Riding a motorcycle can be one of the most thrilling and freeing experiences in the world. The sensation of the rushing wind connects you with your environment, while also being one with your bike. You get a sense of adventure and exploration, even if you are doing your boring daily commute.
But it does come with it's drawbacks. I'm sure you've heard some say "Don't ride a motorcycle, it's too dangerous!" Well that's why I made Why You Should Ride. To explore the real reasons why motorcyclists are dying, and what we can do about it.
My name is Saatvik and I am an aspiring rider. I am a full time student at Stony Brook University, majoring in Computer Science and Applied Mathematics and Statistics. I have loved motorcycles since I was child (all because I watched Dhoom, if you know you know). I do not currently have a motorcycle, but that will change soon. I've had my license for over a year however so it's just a matter of buying one!

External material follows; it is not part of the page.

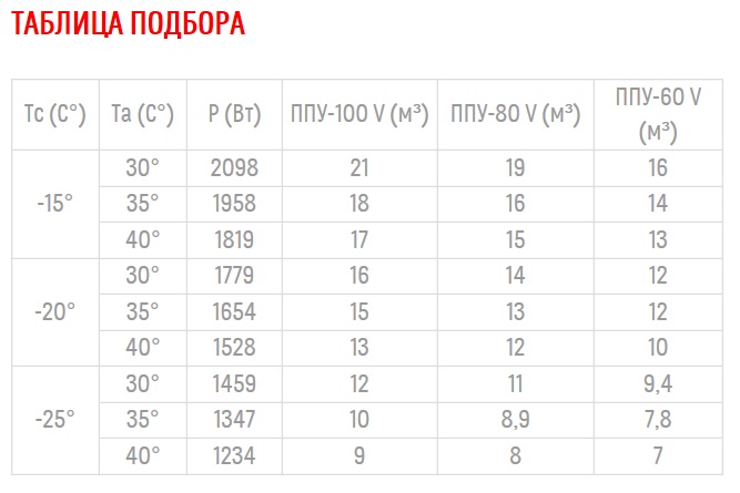 Холодопроизводительность от 1234 до 2098 Вт

My analysis on motorcycle deaths was done using a variety of technologies.
I used the FARS dataset from the National Highway Transport Agency (NHTSA). I used data from 2021, 2020, and 2019, as these were the latest available datasets.
After downloading the csv files for the FARS dataset, I used Python in a Jupyter notebook environment to extract all necessary information. I performed any necessary data cleaning and prepared it for database insertion.
Uploaded the data to a database hosted by PlanetScale, a MySQL compatible database.
Using a combination of SQL and Python, I performed EDA on the dataset. I also used various libraries for plots, to help in this process. I also took my finding and cross referenced them with some studies, which you can check out in the EDA section.
Used Random Forest to create a model that accurately predicts crash severity (Fatal, severe, mild, no apparent, possible injury). Attained an 81% accuracy rate!